I am working on a Calculus 2 homework problem and it wants me to evaluate the definate integral of (2x^2+6)/sqrt(x) between 4 and 9. How do I get the antiderivitave when there is a square root on the bottom?

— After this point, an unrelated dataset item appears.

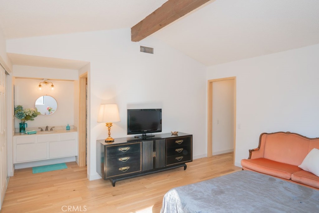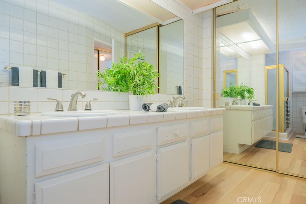 Updated Mid Century Townhome located in The Fountains, a Coveted Gated Community in the Heart of Los Altos / Long Beach. Updates to this home include New Hickory Wood Floors, throughout, including on the stairs, New Toilets, Freshly Painted throughout, New Furnace & A/C, Ethernet Wired and COAX throughout. This 2 Bedroom 2 and 1/4 Bathroom floorplan is a favorite in the community with 2 Master Suites and an Expansive Living Room with Vaulted Ceilings that Emphasize the Square Footage. The Main level of this home features a Gas Fireplace in the Living Area, Sliding doors out to a Private Patio, with New Acacia Flooring, Perfect for Indoor/Outdoor Entertaining. Also on Main Floor is the Living Area, Dining Area, Open Kitchen with New Stove, New Farm Sink, New Butcher Block Counters and a Touchless Faucet. The Lovely Powder Room has been partially renovated. These is also Direct Access to the 2 Car Garage. This floorplan is perfect for entertaining friends and family. The Double Master Suites are located Upstairs and each feature Generous Closets, Ample Storage Space, and their own attached bathrooms with a Double Vanity, and Plenty of Storage. The Fountains Community offers a Pool, Two Spas, a Club House and a Tennis Court. The Fountains Community is located Close to Freeways, Dining, Shopping, Entertainment, the Beach, the Airport, CSULB, and so much more. You will love making this property your New Home.

2006-09-05 11:09:38 · 4 answers · asked by Liz 1 in Science & Mathematics ➔ Mathematics
The best way is to transform the expression before... and use the rule: anti-derivative of (x^n) is x^(n+1)/(n+1) for n different of -1
In this case it is possible:
sqrt(x) = x^(1/2) and 1/sqrt(x) = x^(-1/2)
So you get: (2x^2 + 6)/sqrt(x) = (2x^2 + 6)x^(-1/2)
Multiplying we get: 2x^2.x^(-1/2) + 6.x^(-1/2) = 2x^(3/2) +6.x^(-1/2)
Using the rule: 4x^(5/2)/5 + 12x^(1/2)
2006-09-05 12:00:04 · answer #1 · answered by vahucel 6 · 0⤊ 0⤋
Split up the problem:
Integral of (2x^2+6)/sqrt(x) =
Integral of (2x^2/sqrt(x)) + Integral of (6/sqrt(x)) =
Integral of (2x^(3/2)) + Integral of (6x^(-1/2) =
(4/5)x^(5/2) + 12x^(1/2)
Now just evaluate it over the given range.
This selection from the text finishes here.